For three decades, Bombeck celebrated the extraordinary in the ordinary and chronicled life’s absurdities in a syndicated column carried by 700 newspapers prior to her death of kidney disease in 1996.

Dayton grad. She never forgot that she got encouragement as a writer at the University of Dayton, where she graduated in 1949 with a degree in English.

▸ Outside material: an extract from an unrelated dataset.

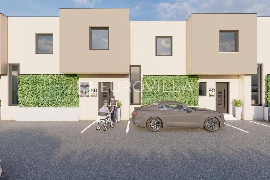 Na mirnoj lokaciji u Brezovici nalazi se novi projekt luksuznih kuća u nizu. U projektu je ukupno osam kuća, a svaka ima vlastiti vrt i pripadajuća parkirna mjesta, što pruža idealne uvjete za ugodan obiteljski život u zelenom okruženju.Kuća K4 ima stambenu površinu od 84,21 m², dok ukupna obračunska površina iznosi 100 m². Pripada joj vrt veličine 47 m² te ukupno dva vanjska parkirna mjesta.Prizemlje ukupne površine 40,47 m² sastoji se od ulaznog prostora površine 3,42 m², sanitarnog čvora veličine 2,40 m², spremišta od 4,05 m² te velikog dnevnog boravka s kuhinjom i blagovaonicom veličine 30,60 m². Iz dnevnog dijela omogućen je izlaz na terasu i vrt.Na katu, ukupne površine 43,74 m², nalazi se stubište i hodnik veličine 11,27 m² iz kojeg se pristupa trima spavaćim sobama. Površine soba iznose 8,96 m², 11,56 m² i 7,63 m². Na katu se također nalazi kupaonica površine 4,32 m².Kuće se izvode zidanom konstrukcijom, s knauf pregradnim zidovima i termo fasadom od stiropora debljine 10 cm. Ugrađena je PVC stolarija s troslojnim staklom te roletama na struju. Grijanje je predviđeno putem dizalice topline s podnim grijanjem u cijeloj kući, dok je u dnevnom boravku ugrađen inverter klima uređaj. Kupaonice su opremljene keramikom prve klase, dok je u ostatku kuće predviđen parket. U fazi izgradnje ostavljena je mogućnost odabira podnih obloga u vrijednosti do 20 €/m².Planirani početak izgradnje je u ožujku 2026. godine, a završetak radova predviđen je u svibnju 2027. godine.Moguća je kupnja putem kredita.Lokacija je izvrsno povezana te u blizini nudi sve ključne sadržaje poput škole, vrtića, trgovine i javnog prijevoza.Za sve dodatne informacije stojimo na raspolaganju.

Two years after the Bombeck family announced that they would donate Erma’s papers and artifacts to her alma mater, the University of Dayton is sharing part of the collection via the Internet.

ErmaMuseum.org contains dozens of photographs, including Erma at age 9 in a tap-dancing outfit and shopping with Phyllis Diller on Rodeo Drive.

Samples of Erma’s writing include her typewritten remarks from the university’s 1982 writers’ workshop and eight columns written as a college student. More than 20 audio and video clips reside in the museum. They include Erma describing how Dayton English professor, Brother Tom Price, S.M., encouraged her to write, and memories shared by Erma’s family and friends, such as Phil Donahue, Bil Keane, Mike Peters and Liz Carpenter.

Inspirational. “The online museum makes Erma’s life story accessible to millions of fans and aspiring writers,” said Tim Bete, co-director of the Erma Bombeck Writers’ Workshop

“Many items were not previously accessible to the general public.”

March 9 fete. The museum will be formally unveiled at the March 9 Erma Bombeck Writers’ Workshop at the University of Dayton.

More than 20 prominent humor writers, human interest columnists and editors will speak at the sold-out event, which has attracted more than 250 attendees from 28 states and Canada.

Talk show pioneer Phil Donahue will join Bill Bombeck, Erma’s widower, in telling their favorite Erma stories. Donahue lived on the same street as the Bombeck family early in his career in Dayton.

In all, the University of Dayton has planned three days of tribute to Bombeck, including an award ceremony for winners of the annual Erma Bombeck Writing Competition and a dedication of the Bombeck Family Learning Center.